Bastien Montagne (mont29) lowered the priority of this task from 90 to Normal.Jul 22 2018, 12:39 PM

This is nothing to do with dependency graph, this is just a poor design of handlers: they can run form multiple threads (like, render thread and viewport thread) but they do not guarantee an thread safety. In 2.8 with renderer having own depsgraph some things will be easier (it will be possible to avoid thread conflicts in this case). The issue is: we do not have reliable python API in 2.8 yet, this is yet to be re-introduced.

Assigning to Campbell. He introduced handlers and he is into python APIs of any sort.

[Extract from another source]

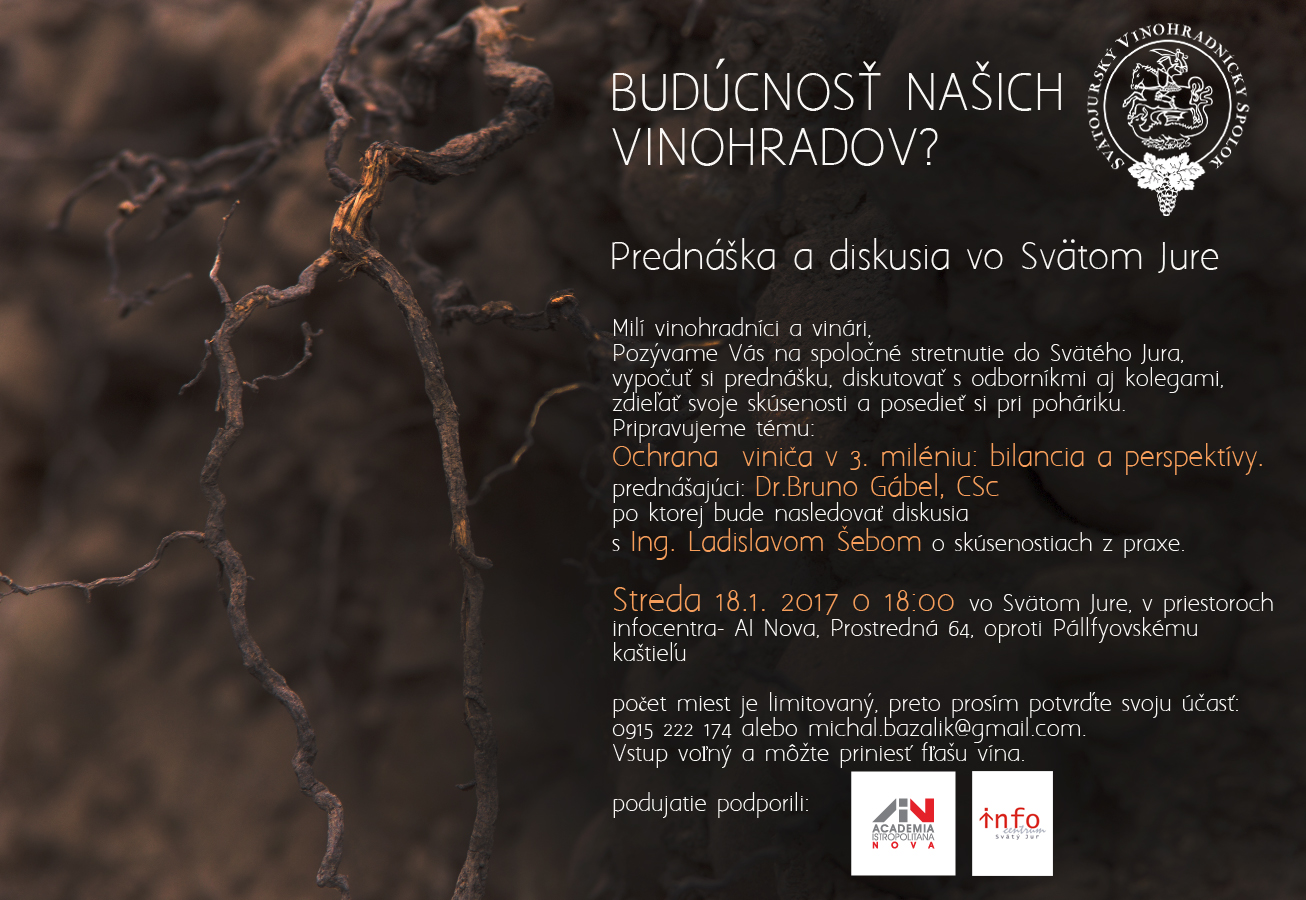 Milí vinohradníci a vinári, radi by sme Vás pozvali na prednášku s diskusiou o ochrane viniča, ktorá bude v stredu 18.1. 2017 o 18:00 v Infocentre AINova (Prostredná 64, Svätý Jur).

Sybren A. Stüvel (sybren) changed the task status from Confirmed to Needs Information from User.Feb 4 2020, 3:52 PM

I can't seem to reproduce this on my machine with Blender 2.82 alpha @ 5dc1183580e932870064b44246e8fb750a8d806e, but as this is about a race condition that doesn't mean it's fixed for sure.

@Renate Meijer (kleuske) Could you give this another test with a daily build from https://builder.blender.org/ ?

Jacques Lucke (JacquesLucke) claimed this task.

I'm not able to reproduce the issue.

Will close this for now. @Renate Meijer (kleuske), feel free to reopen this report if you are still able to reproduce the issue in the latest version. Please also provide a (simple) test file for the latest Blender version.